Congal and his army probably landed near Dunseverick on their return from Scotland. He possibly planned on marching to Tara, as one of the five main roads running from Tara, the High King's Road, ran north and ended at Dunseverick, where there was a bridge that crossed the Lagan located near modern Moira. Domnall II had gathered his army at Tara and he marched north to meet the enemy forces. Congal marched south to meet him. The two armies comprising 100,000 men in total met at Moira.

According to Sir Samuel Ferguson "there appears reason to believe that the fight lasted a week", at the end of which the defeated force fled towards the woods of Killultagh. The forces of Ulaid and Dál Riata were defeated, with Domnall of Dál Riata forced to flee north to his kingdom's holdings. Congal was killed in the course of the battle.

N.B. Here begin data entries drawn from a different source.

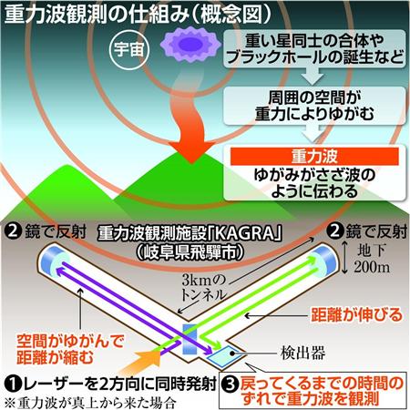 かぐらは長さ3キロのトンネルをL字形につなげた構造で、中心部からレーザーを2方向に同時に発射。重力波が届くとトンネル内の空間がゆがんで伸縮し、レーザーが鏡で反射して戻ってくるまでの時間にわずかな差が生じるのを検出する。振動が少ない地下200メートルに建設した。総工費は155億円。
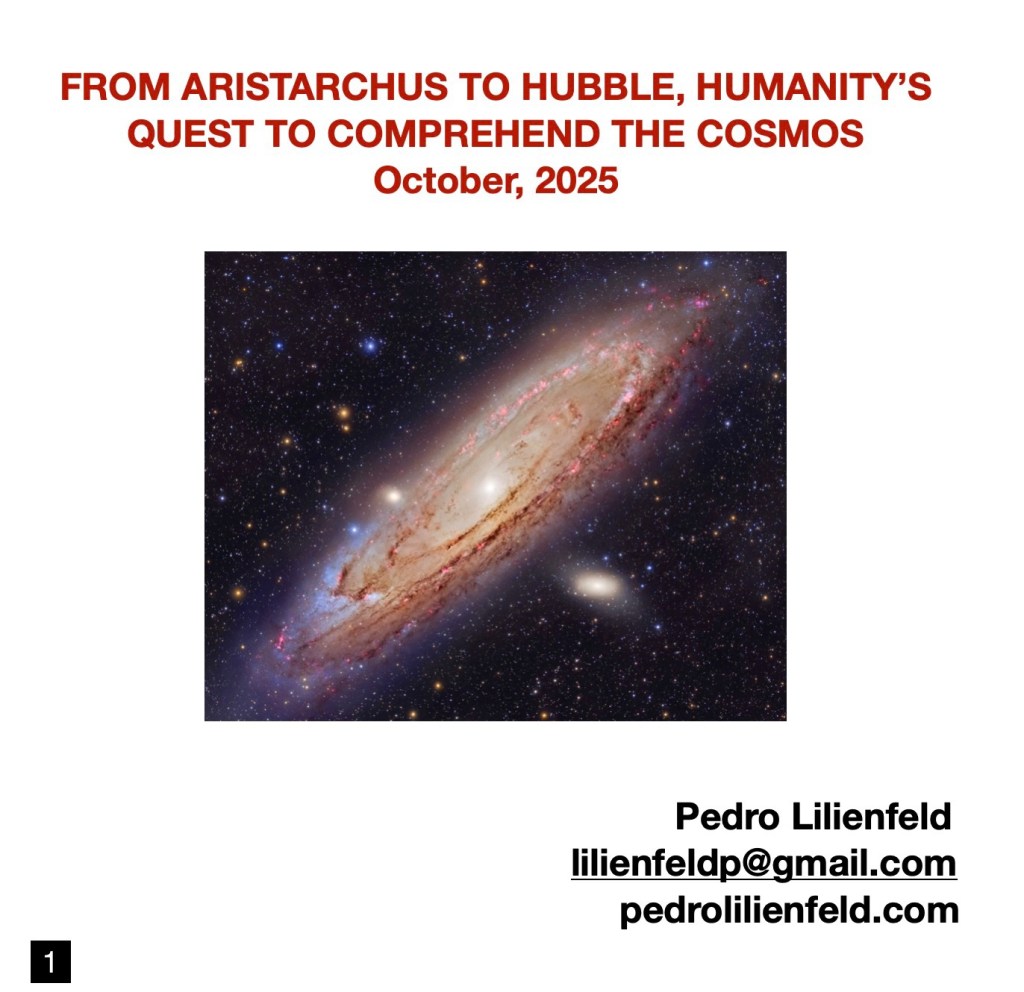 A parting thought. This endeavor at summarizing the progress of astronomy from about 300 BCE to the 1920s was bracketed by two remarkable figures: Aristarchus of Samos and Edwin Hubble. If we were to attempt to proceed forward to the present, we would no longer be able to identify a single individual scientist who merits a similar mention. The lofty as well as increasingly complex undertaking of comprehending the cosmos is no longer the province of individuals. It requires the convergence of a multitude of scientists and observatories scattered worldwide. It would be very improbable that a single astronomer, cosmologist or astrophysicist would now be responsible of a major breakthrough in humanity’s understanding of our universe. I can cite a current extreme example of the collectivization of the cosmological endeavor: a paper published in 2024 on the results of observations of gravitational wave events, with the arcane title: “GWTC-3: Compact Binary Coalescences Observed by LIGO and Virgo During the Second Part of the Third Observing Run”. The paper is 82 pages long (nothing earthshaking about that), the contributing authors, however, belong to 297 different research organizations in 22 countries. But here is the truly mind boggling statistic: the total number of authors of this paper is…. over 1,500!
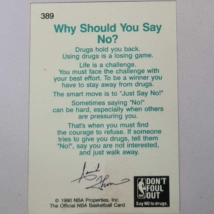 Authentic Isiah Thomas 1990 NBA Hoops "Say No To Drugs" #389 card featuring the Detroit Pistons legend. This collectible basketball card is in very good condition, perfect for Pistons fans and serious NBA memorabilia collectors. A meaningful piece of basketball history with an important anti-drug message.
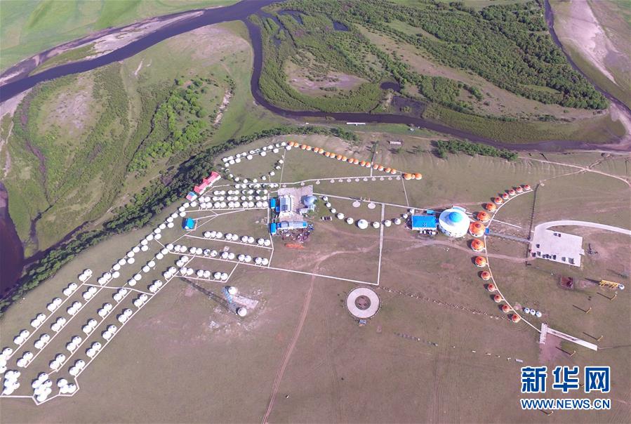 草原上蒙古包星罗棋布(6月19日摄)。内蒙古呼伦贝尔草原位于大兴安岭以西,由东向西呈规律性分布,地跨森林草原、草甸草原和干旱草原三个地带,是世界著名的天然牧场。这里地域辽阔、风景怡人,是一片难得的绿色净土。从空中俯瞰,草原、羊群、河流组成的美丽画卷令人陶醉。新华社记者邓华 摄
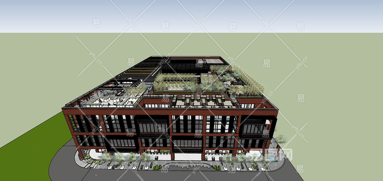 67工业风格厂房改造 屋顶花园,文创中心厂房,文化艺术中心,文化产业园,产业园区,红砖厂,艺术文化街区su草图模型下载
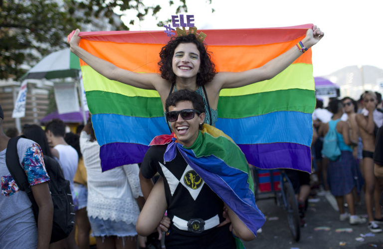 Účastníci s dúhovou vlajkou počas Gay Pride Parade v Rio de Janeiro. Foto: SITA/AP
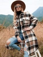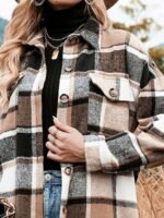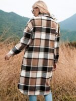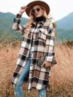 Khaki brown, black and white checked single-breasted overcoat, has a shirt collar, long sleeves, front button closure, two pockets, a straight hem
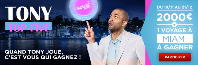 Du 19 novembre au 21 décembre, jouez et remportez sur Betclic Poker un voyage pour 2 personnes à Miami pour aller voir un match entre les Spurs de San Antonio (l'équipe de Tony Parker) et le Heat de Miami, mais aussi du cash et des tickets poker. C'est le "Tony Top 5" !
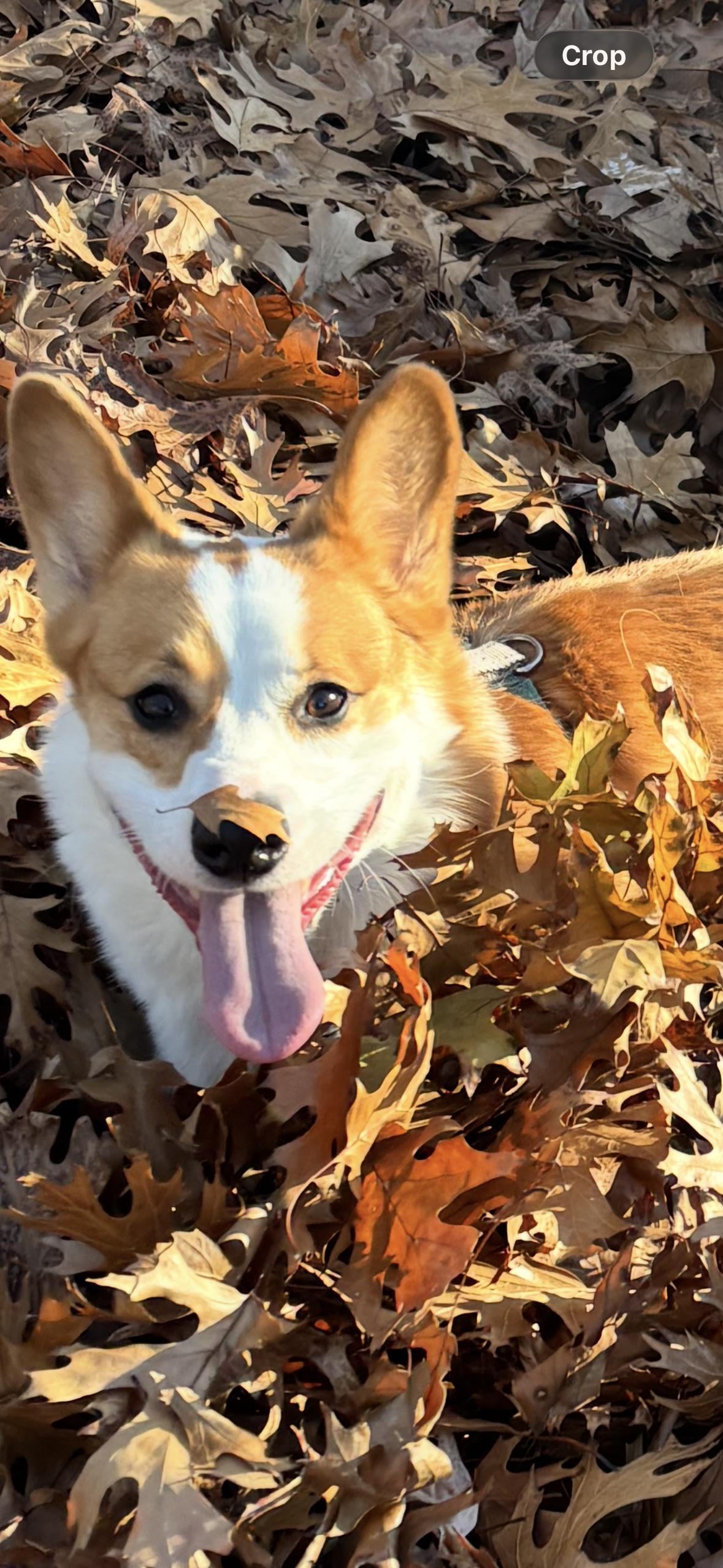 He hav a leaf on him nose

The scale of the battle was, however, confirmed in the 19th century when the Ulster Railway which ran through Moira was being constructed. The remains of thousands of men and horses were discovered during the excavations. When one considers that the survivors probably numbered quite considerably more, then the reputation of the scale of the battle becomes obvious.

==Aftermath==

With the death of Congal in the battle the chance for Dál nAraidi and its local allies to undo the advances of Domnall had been thwarted, and the Ulaid had to endure the advances that the High King had made. They were not to be completely subjugated however. By contrast, the consequences were much more keenly felt for Dál Riata. The land defeat at Moira was coupled with a naval defeat on exactly the same day; at the Battle of the Mull of Kintyre the Ard Rí's fleet had succeeded in defeating Dál Riata's. As a result of both battles the High King's forces were able to occupy the Dál Riata lands in north Antrim, unprotected as they now were.

As a direct result of the battle, the Uí Néill dynasty became dominant in the north of Ireland. Their descendants would claim overlordship of at least some of the land until the Flight of the Earls almost a thousand years later in 1607.

Some of the townlands around modern Moira get their names from the battle, notably Aughnafosker, which in Irish means 'Field of Slaughter', as well as Carnalbanagh which means 'The Scotsman's Grave'. In the latter area there was a large stone pillar in a nearby field, which marked the burial site of many of the Scottish princes who were killed in the battle. However, the stone was removed by a farmer in the late 19th century.